62°F
weather icon Cloudy

Defensive driving eases road rage

The response was overwhelmingly supportive.

Last Sunday's column about my experience with road rage earlier this year generated a healthy response from readers - emails, phone calls and comments appended to the online version of the account.

Some commiserated by sharing their own tales of terror - several more harrowing than mine - while others told me not to feel guilty about briefly feeding into the crazed anger of an impatient motorist.

More than a few readers recommended I take advantage of my Second Amendment right to own a gun.

One astute caller even questioned my intelligence for recounting the ugly confrontation as I headed to my northwest valley home that night, saying all I was doing was stoking the individual - if he read the column or was told about it - to hunt me down at work. "Why invite a second incident?" I was asked.

The point of the column wasn't to solicit sympathy, although it was appreciated, and certainly not to bring me face to face again with my antagonist. The point was to educate all motorists that, even when you're in the right, a flash of retaliation - an all-too-human response - can draw you into the wrong.

The best way to combat road rage is through "defensive driving." Never is that practice more important than this time of year, as motorists hit the highways and byways for the Thanksgiving holiday followed by four frenzied weeks of Christmas shopping, which annually turns city streets and shopping mall parking lots into Petri dishes of impatience, frustration, anger and occasional violence.

In a "Me first!" world, thinking "Me safe first!" rarely prevails.

But it must.

We've all heard the advice, so it's nothing new for me to tell you to give yourself extra time to get to where you need to go. Or to show courtesy to other motorists, especially those not inclined to do so themselves. Or to take a deep breath and count to 10 when you feel violated.

We also know we shouldn't get behind the wheel when we're stressed. But life doesn't work in absolutes, does it?

As Nevada Highway Patrol trooper Jeremie Elliott and Metropolitan Police Department officer Marcus Martin told me this past week, almost using the same words: There will always be road rage; all we can do is make a conscious effort to reduce it through our own defensive driving.

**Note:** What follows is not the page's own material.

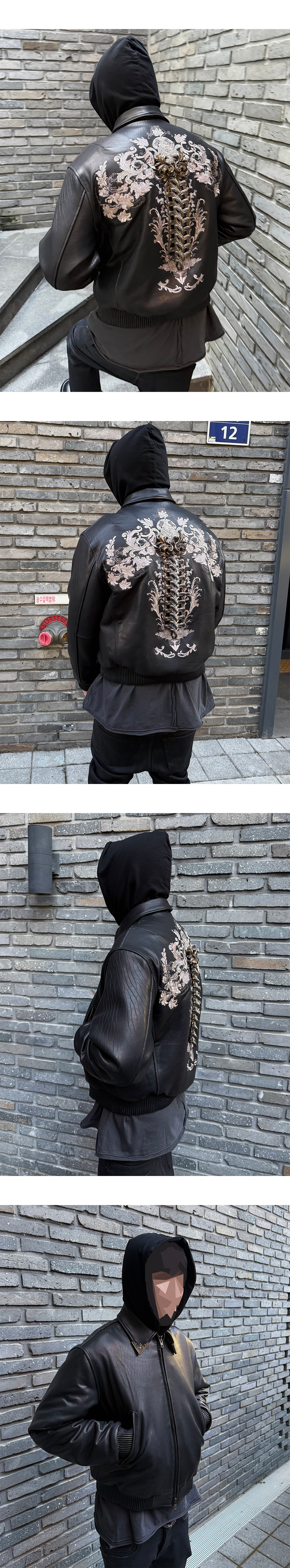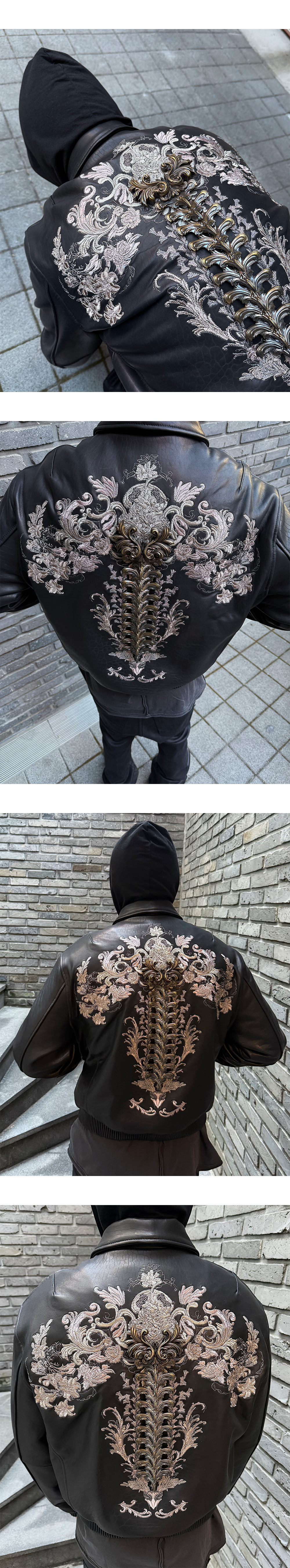 양가죽 위에 과장된 6도 자수로 마감된 블루종 위에

"It takes a conscious effort to make a change, to make a fundamental change," Elliott said, conceding that even he, in his private life, gets frustrated by overzealous drivers. "You have to make a conscious effort to drive defensively, and hopefully you'll pass it along to other drivers."

While hard statistics are not available, partly because much of it goes unreported, road rage "is on the rise, and it's been a phenomenon in our society for some time," Martin said. "We've seen quite a bit of it here for a while."

One of the contributing factors in Southern Nevada is that we're an amalgamation of transplants who bring with us different driving approaches - aggressive, passive; rushed, leisurely; hypervigilant, hypersensitive, easily distracted. More often than not, we don't know which types we have in the vehicle in front, behind and alongside of us until we've seen them drive for a while. Then it can be too late.

Thus, it becomes incumbent upon us, as much as we have to grit our teeth to do so, to be the bigger person by being the lesser threat.

To wit: Use the passing lane for passing only. Don't tailgate slower drivers. Don't speed. Use your signal indicator well in advance of a turn or a lane change. Let assertive drivers merge in front of you, even if the law says they should merge behind you.

To a lesser extent, listen to music that makes you happy. Chew gum to cut the stress. Shrug off drivers around you who still don't get it that it's better to get to a destination a little late than to not get there at all because a road rage incident escalated into an accident or outright violence.

"Although manners are pretty much breathing their last breath in our society, it's good to remember to use basic manners when driving," Martin advised. "And in those instances when basic manners aren't returned in kind, you have to ask yourself if it's really all that important to prove you're right, even when you are right."

Admittedly, that concept goes against human nature. Isn't it always about being right? About having the upper hand in any given situation?

Not when you settle into the driver's seat of your vehicle, the Highway Patrol's Elliott said. After you buckle up and before you start the ignition, take a moment to understand and appreciate what your presence on the road means - not just to yourself and your passengers, but to other drivers as well.

"I can preach all day long, give out tickets all day long, but until we make a conscious effort to change - every one of us - it's not going to get better," Elliott said.

If not for your own sake, then for the sake of someone you love, make that change now.

Drive defensively. Eliminate road rage.